- **Exercise description**: From the listing below, retype exactly the line holding "Höhenverstellung für F5", the line holding "Kadın Açık Yeşil", and the lines between them; skip everything else.

- **Given entries**:
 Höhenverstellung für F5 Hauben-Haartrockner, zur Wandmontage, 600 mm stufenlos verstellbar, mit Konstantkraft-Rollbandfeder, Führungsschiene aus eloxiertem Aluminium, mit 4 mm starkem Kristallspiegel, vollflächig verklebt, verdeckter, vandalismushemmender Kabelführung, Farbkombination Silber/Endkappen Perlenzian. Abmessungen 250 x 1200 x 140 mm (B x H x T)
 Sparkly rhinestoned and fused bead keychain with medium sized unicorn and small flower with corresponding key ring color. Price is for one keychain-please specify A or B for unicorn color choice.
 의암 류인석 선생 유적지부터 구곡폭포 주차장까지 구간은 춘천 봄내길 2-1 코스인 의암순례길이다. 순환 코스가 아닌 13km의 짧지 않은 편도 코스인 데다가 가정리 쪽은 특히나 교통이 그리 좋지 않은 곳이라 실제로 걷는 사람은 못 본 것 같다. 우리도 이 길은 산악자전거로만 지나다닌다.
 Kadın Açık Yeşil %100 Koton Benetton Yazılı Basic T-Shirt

==

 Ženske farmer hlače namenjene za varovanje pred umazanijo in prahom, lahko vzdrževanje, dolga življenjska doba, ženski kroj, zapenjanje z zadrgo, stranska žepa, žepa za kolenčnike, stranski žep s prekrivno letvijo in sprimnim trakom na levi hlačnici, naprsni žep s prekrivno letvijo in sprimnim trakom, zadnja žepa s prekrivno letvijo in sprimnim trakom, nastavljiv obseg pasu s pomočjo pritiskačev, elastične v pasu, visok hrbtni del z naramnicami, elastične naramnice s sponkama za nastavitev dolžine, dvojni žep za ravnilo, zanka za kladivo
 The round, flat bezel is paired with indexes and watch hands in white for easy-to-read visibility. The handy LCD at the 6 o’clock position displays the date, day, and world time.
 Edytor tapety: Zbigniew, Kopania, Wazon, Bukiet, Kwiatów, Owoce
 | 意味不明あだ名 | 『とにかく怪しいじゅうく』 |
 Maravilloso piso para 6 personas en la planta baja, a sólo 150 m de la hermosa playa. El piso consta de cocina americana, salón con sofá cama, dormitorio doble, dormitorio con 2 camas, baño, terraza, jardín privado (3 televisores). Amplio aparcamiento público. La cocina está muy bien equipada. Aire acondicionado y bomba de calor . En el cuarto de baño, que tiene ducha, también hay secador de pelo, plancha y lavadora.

- **Reply to the exercise**:
 Höhenverstellung für F5 Hauben-Haartrockner, zur Wandmontage, 600 mm stufenlos verstellbar, mit Konstantkraft-Rollbandfeder, Führungsschiene aus eloxiertem Aluminium, mit 4 mm starkem Kristallspiegel, vollflächig verklebt, verdeckter, vandalismushemmender Kabelführung, Farbkombination Silber/Endkappen Perlenzian. Abmessungen 250 x 1200 x 140 mm (B x H x T)
 Sparkly rhinestoned and fused bead keychain with medium sized unicorn and small flower with corresponding key ring color. Price is for one keychain-please specify A or B for unicorn color choice.
 의암 류인석 선생 유적지부터 구곡폭포 주차장까지 구간은 춘천 봄내길 2-1 코스인 의암순례길이다. 순환 코스가 아닌 13km의 짧지 않은 편도 코스인 데다가 가정리 쪽은 특히나 교통이 그리 좋지 않은 곳이라 실제로 걷는 사람은 못 본 것 같다. 우리도 이 길은 산악자전거로만 지나다닌다.
 Kadın Açık Yeşil %100 Koton Benetton Yazılı Basic T-Shirt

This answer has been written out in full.